У моего папы был отпуск в июне. Мы поехали к бабушке Лине в Киргизию, в город Токмак, где жила их большая семья. Отправились поездом. Мне все было очень интересно — я впервые ехала на поезде. Там было много отпускников, все с семьями. В вагоне было много детей. Собирались в коридоре, кто-нибудь из старших организовывал игры, так что ни проводникам, ни взрослым спокойно пройти было невозможно, мы носились по коридору без устали. Тихо было только во время обеда и ужина, когда мы спали, и то по своим купе нас загоняли с большим трудом. На крупных станциях мы выходили гулять по перрону с папой и мамой. Там стояло много ларьков, где продавали газеты, книжки, всякие сладости. А еще бабушки торговали фруктами, овощами, вареной картошкой, всякими булочками, пирожками, кренделями. Все так интересно и так вкусно! Бабушки и тетеньки уговаривали папу и маму и всех других, кто гулял по перрону, купить их товар. А я весело кричала и смеялась — так мне это нравилось.

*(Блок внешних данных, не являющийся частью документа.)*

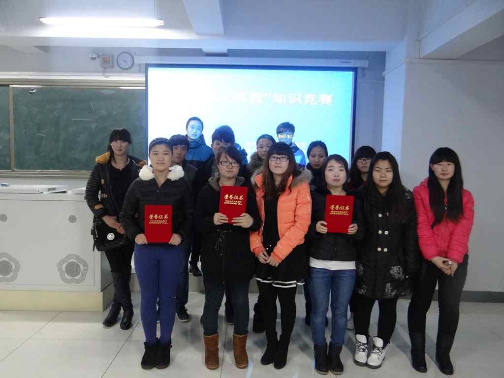 经过两轮的淘汰赛共有六个班级进入了决赛,经过紧张而又激烈的决赛,最终2012日语1班获得团体一等奖,2012小教1班获得团体二等奖,2013级日语班获团体三等奖,2013英教4班 、2013小教2班被评为优秀组织奖。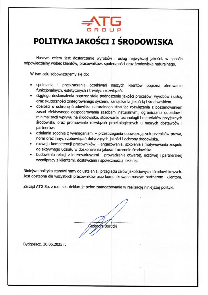 W ATG stawiamy kolejny krok w rozwoju – właśnie wdrożyliśmy Politykę Jakości oraz System Zarządzania obejmujący pełen zakres naszych usług. Kierowani doświadczeniem Prezesa Grzegorza Boruckiego, wzmacniamy w ten sposób pozycję marki ATG na rynku oraz potwierdzamy nasze dążenie do ciągłego doskonalenia.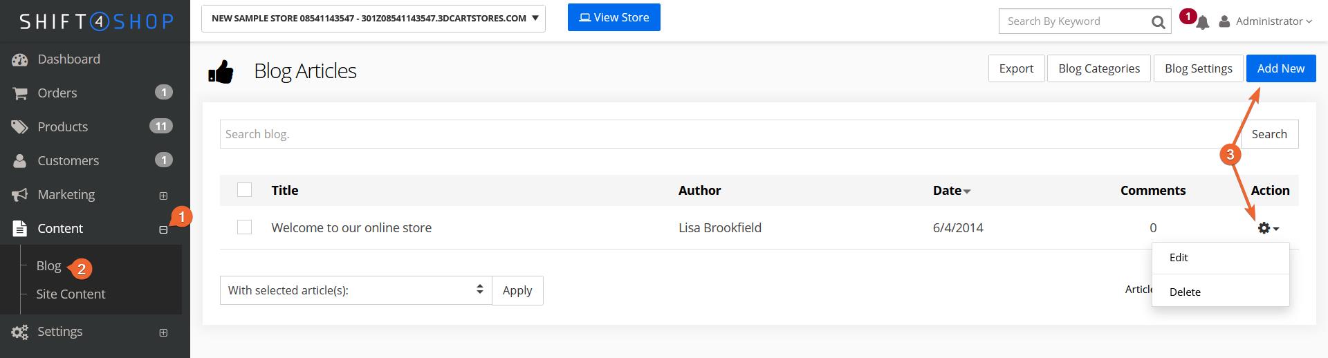 - Accédez à Contenu > Blog pour ouvrir la page Articles du blog.

Мы остановились на станции Луговая. Здесь выходило много пассажиров, люди столпились у дверей. Папе удалось выйти, а мы с мамой остались в вагоне. Я все время просила купить мне яблочный пирог, мне он очень нравился. Папа сказал, что все купит и принесет сам. Я поняла, что гулять по перрону мы не пойдем. Там была целая толпа людей. Все были чем-то озабочены, что-то громко выкрикивали, тащили чемоданы, мешки, узлы. Шли сплошным потоком, казалось, что это никогда не кончится. Мама беспокоилась, что папа в этой толпе потеряется и отстанет от поезда. Мы открыли окно и стали смотреть, где наш папа. Наконец мы его увидели — он пробирался через толпу, подняв мой любимый пирог над головой. Подошел к нашему окну, подал маме пирог. Затем, поправив очки привычным движением — он всегда так делал, когда волновался, — немного помедлил и сказал:
— Машенька, сегодня в четыре часа по московскому времени началась война с Германией.
Мама сильно вздрогнула и выронила пирог. Он упал на перрон, а мама без сил опустилась на полку.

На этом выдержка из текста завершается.